• **Problem description**:
What the answer must hold is the line containing "1912-62 mint, used" and all lines after it through the end of the listing, copied exactly, with pictures left out.
====== Exercise data
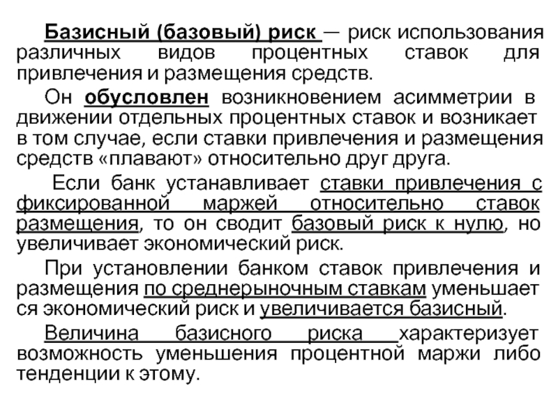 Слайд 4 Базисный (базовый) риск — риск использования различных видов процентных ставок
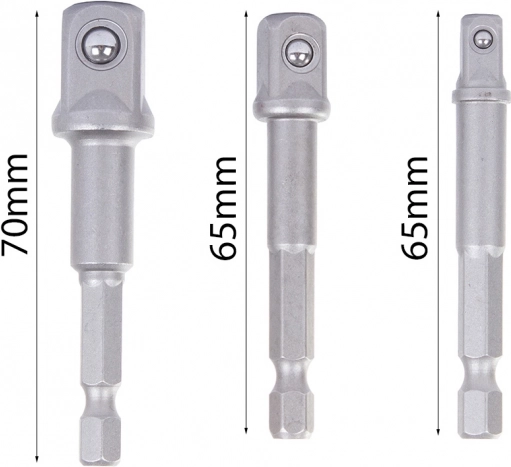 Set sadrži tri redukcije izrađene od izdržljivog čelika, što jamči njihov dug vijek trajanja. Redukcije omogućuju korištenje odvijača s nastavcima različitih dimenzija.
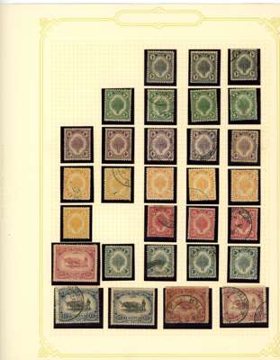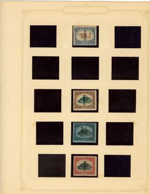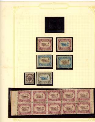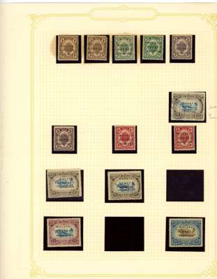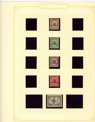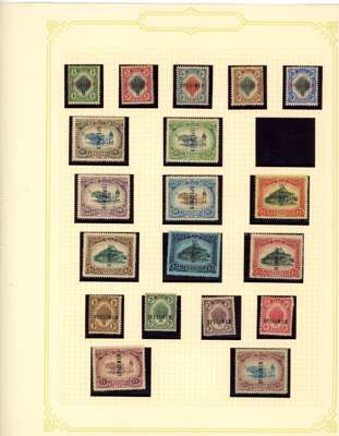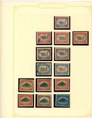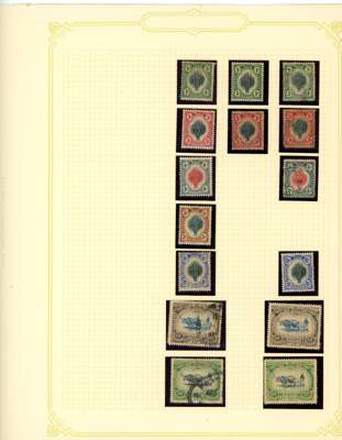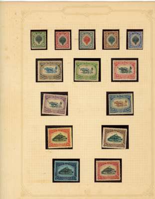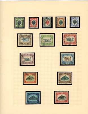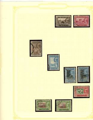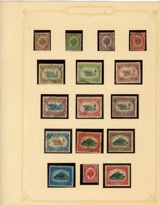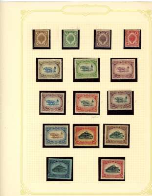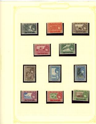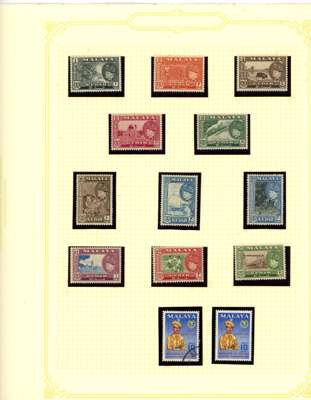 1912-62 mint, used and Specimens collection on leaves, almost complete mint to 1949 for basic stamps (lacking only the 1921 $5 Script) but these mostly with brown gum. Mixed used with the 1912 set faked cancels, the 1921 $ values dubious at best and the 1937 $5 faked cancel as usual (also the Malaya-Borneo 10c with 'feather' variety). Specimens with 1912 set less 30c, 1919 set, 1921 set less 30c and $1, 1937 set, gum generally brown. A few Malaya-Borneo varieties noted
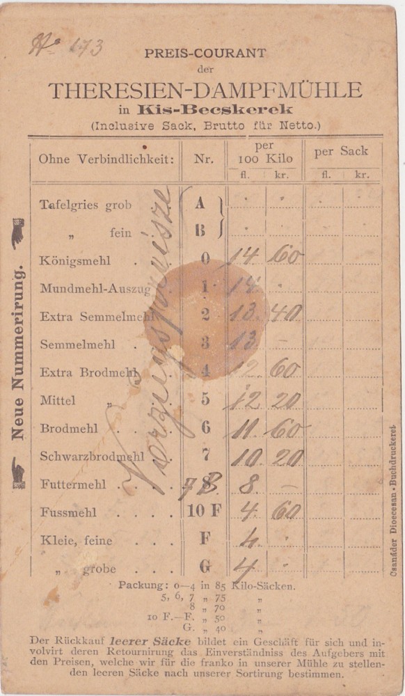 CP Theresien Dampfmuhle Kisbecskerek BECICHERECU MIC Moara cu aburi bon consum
============
• **Expected output**:
 1912-62 mint, used and Specimens collection on leaves, almost complete mint to 1949 for basic stamps (lacking only the 1921 $5 Script) but these mostly with brown gum. Mixed used with the 1912 set faked cancels, the 1921 $ values dubious at best and the 1937 $5 faked cancel as usual (also the Malaya-Borneo 10c with 'feather' variety). Specimens with 1912 set less 30c, 1919 set, 1921 set less 30c and $1, 1937 set, gum generally brown. A few Malaya-Borneo varieties noted
 CP Theresien Dampfmuhle Kisbecskerek BECICHERECU MIC Moara cu aburi bon consum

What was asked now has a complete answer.